### Your task
Transcription task. Write out each entry verbatim and exclude any image.

[Records contained in a dataset]

########

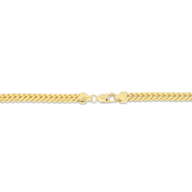 This sleek Franco chain necklace is the perfect everyday statement. Set in timeless 14K yellow gold, the hollow chain has a 120 gauge and measures 5.1mm. The 24-inch chain secures with a lobster clasp.
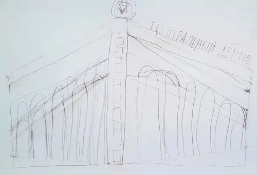 Здание было построено в 1953—1957 годах в центре Москвы, на площади Дзержинского (с 1990 г. — Лубянская площадь) по проекту архитектора Алексея Николаевича Душкина (соавторы И. М. Потрубач и Г. Г. Аквилев, инженер Л. М. Глиэр) на месте снесённого Лубянского пассажа, над станцией метро глубокого заложения «Дзержинская» (с 1990 г. — «Лубянка»)
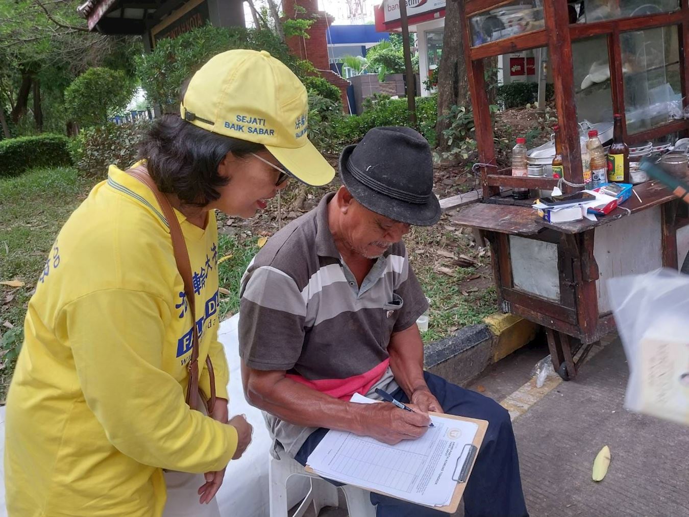 Čovek iz Kine koji radi u tom području posmatrao je aktivnosti i izrazio iznenađenje kada je saznao da se Falun Gong praktikuje u Indoneziji. Takođe je izrazio podršku mirnom mitingu praktikanata. „Bio sam zadivljen kada sam video praktikante kako ovde rade vežbe. Nisam znao da se Falun Gong praktikuje u ovoj zemlji,“ rekao je.
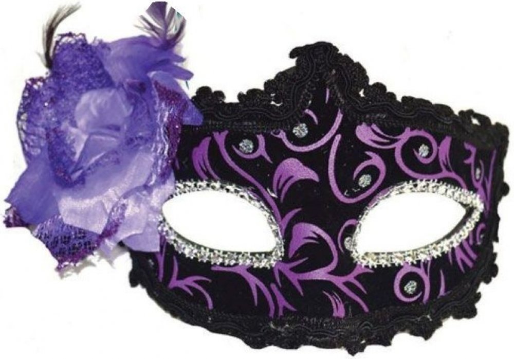 Škraboška benátská maska s růží fialová
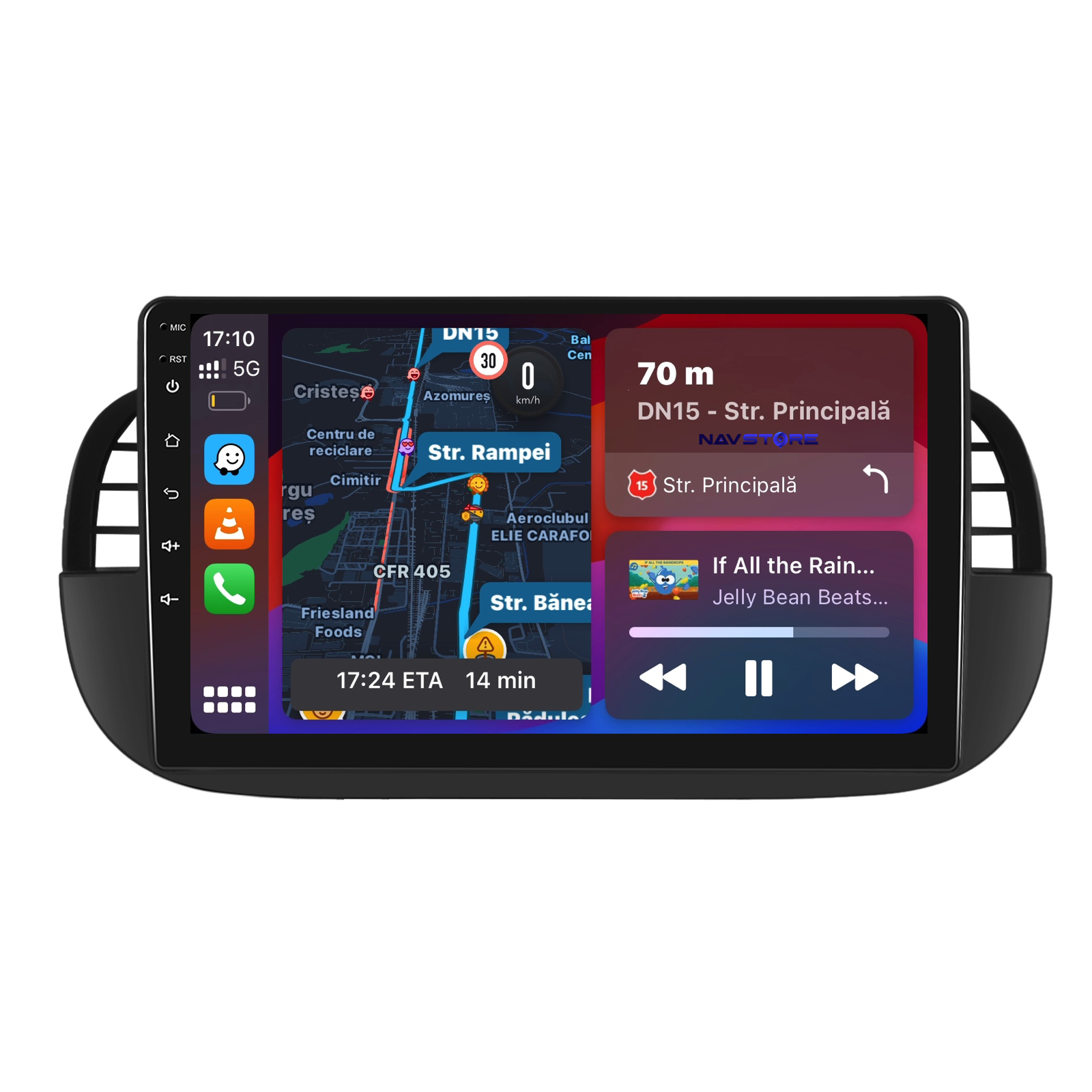 Sistem de operare: Android 13 Procesor: Octa-core 1,8Ghz Memorie RAM: 6GB Stocare interna (ROM): 128GB Dimensiune Display: 9 Inch Rezolutie ecran: 1280x720p Bluetooth: Bluetooth pentru apeluri, descarcare agenda telefonica si redare muzica WiFi: Da (Integrat) Slot Sim 4G: Da Conectivitate retea: 4G, Hotspot telefon, router extern, dongle 3G sau 4G, CarPlay Android Auto Microfon: Microfon integrat, cu posibilitate de conectare microfon extern Alimentare: 12V Putere audio: 4x45W Egalizator DSP: Procesor de sunet digital (DSP EQ) Compatibilitate USB SD: Compatibil cu USB de pana la 128GB, suport SD prin adaptor USB Compatibilitate aplicatii Android: Compatibil cu majoritatea aplicatiilor Android din Google Play Compatibilitate CarPlay si Android Auto: Da, compatibil cu iOS (CarPlay) si Android (Android Auto) Suport pentru limbi:a Romana, Engleza, Maghiara, Spaniola, Italiana, Germana, etc. Tip ecran: TouchScreen capacitiv, multi-touch, IPS Setari luminozitate: Da Radio RDS: Da Iesire subwoofer RCA: Da Iesire video RCA: Da, cu ajutorul unui adaptor USB Iesire audio RCA: Da GPS: Da, (Google Maps, Waze, HereWeGo) Senzori de parcare: Da (Preluare senzori de parcare cu afisaj unde este cazul) Control volan: Da (Preluare comenzi volan cu canbus sau analogic unde este cazul) Compatibilitate camera DVR: Da Compatibilitate camera marsarier: Da Manual de utilizare: Da Continut pachet: Navigatie Android Rama adaptoare Cablaj de alimentare Antena GPS Antena 4G Conectori RCA Cablaj pentru camera de marsarier, 2 cabluri USB Canbus (doar daca este cazul) Certificat de garantie Factura fiscala Navigatia este compatibila cu urmatoarele marci auto : Fiat: 500 (2007 – 2015)
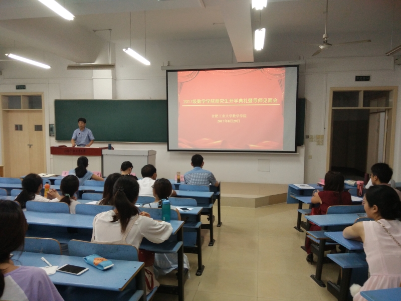 8月29号下午,数学学院在翠六教202教室举行2017级研究生开学典礼暨导师见面会。全院硕士生导师以及全体2017级研究生参加此次大会,大会由学院党委书记方留老师主持。

########

### The completed task
 This sleek Franco chain necklace is the perfect everyday statement. Set in timeless 14K yellow gold, the hollow chain has a 120 gauge and measures 5.1mm. The 24-inch chain secures with a lobster clasp.
 Здание было построено в 1953—1957 годах в центре Москвы, на площади Дзержинского (с 1990 г. — Лубянская площадь) по проекту архитектора Алексея Николаевича Душкина (соавторы И. М. Потрубач и Г. Г. Аквилев, инженер Л. М. Глиэр) на месте снесённого Лубянского пассажа, над станцией метро глубокого заложения «Дзержинская» (с 1990 г. — «Лубянка»)
 Čovek iz Kine koji radi u tom području posmatrao je aktivnosti i izrazio iznenađenje kada je saznao da se Falun Gong praktikuje u Indoneziji. Takođe je izrazio podršku mirnom mitingu praktikanata. „Bio sam zadivljen kada sam video praktikante kako ovde rade vežbe. Nisam znao da se Falun Gong praktikuje u ovoj zemlji,“ rekao je.
 Škraboška benátská maska s růží fialová
 Sistem de operare: Android 13 Procesor: Octa-core 1,8Ghz Memorie RAM: 6GB Stocare interna (ROM): 128GB Dimensiune Display: 9 Inch Rezolutie ecran: 1280x720p Bluetooth: Bluetooth pentru apeluri, descarcare agenda telefonica si redare muzica WiFi: Da (Integrat) Slot Sim 4G: Da Conectivitate retea: 4G, Hotspot telefon, router extern, dongle 3G sau 4G, CarPlay Android Auto Microfon: Microfon integrat, cu posibilitate de conectare microfon extern Alimentare: 12V Putere audio: 4x45W Egalizator DSP: Procesor de sunet digital (DSP EQ) Compatibilitate USB SD: Compatibil cu USB de pana la 128GB, suport SD prin adaptor USB Compatibilitate aplicatii Android: Compatibil cu majoritatea aplicatiilor Android din Google Play Compatibilitate CarPlay si Android Auto: Da, compatibil cu iOS (CarPlay) si Android (Android Auto) Suport pentru limbi:a Romana, Engleza, Maghiara, Spaniola, Italiana, Germana, etc. Tip ecran: TouchScreen capacitiv, multi-touch, IPS Setari luminozitate: Da Radio RDS: Da Iesire subwoofer RCA: Da Iesire video RCA: Da, cu ajutorul unui adaptor USB Iesire audio RCA: Da GPS: Da, (Google Maps, Waze, HereWeGo) Senzori de parcare: Da (Preluare senzori de parcare cu afisaj unde este cazul) Control volan: Da (Preluare comenzi volan cu canbus sau analogic unde este cazul) Compatibilitate camera DVR: Da Compatibilitate camera marsarier: Da Manual de utilizare: Da Continut pachet: Navigatie Android Rama adaptoare Cablaj de alimentare Antena GPS Antena 4G Conectori RCA Cablaj pentru camera de marsarier, 2 cabluri USB Canbus (doar daca este cazul) Certificat de garantie Factura fiscala Navigatia este compatibila cu urmatoarele marci auto : Fiat: 500 (2007 – 2015)
 8月29号下午,数学学院在翠六教202教室举行2017级研究生开学典礼暨导师见面会。全院硕士生导师以及全体2017级研究生参加此次大会,大会由学院党委书记方留老师主持。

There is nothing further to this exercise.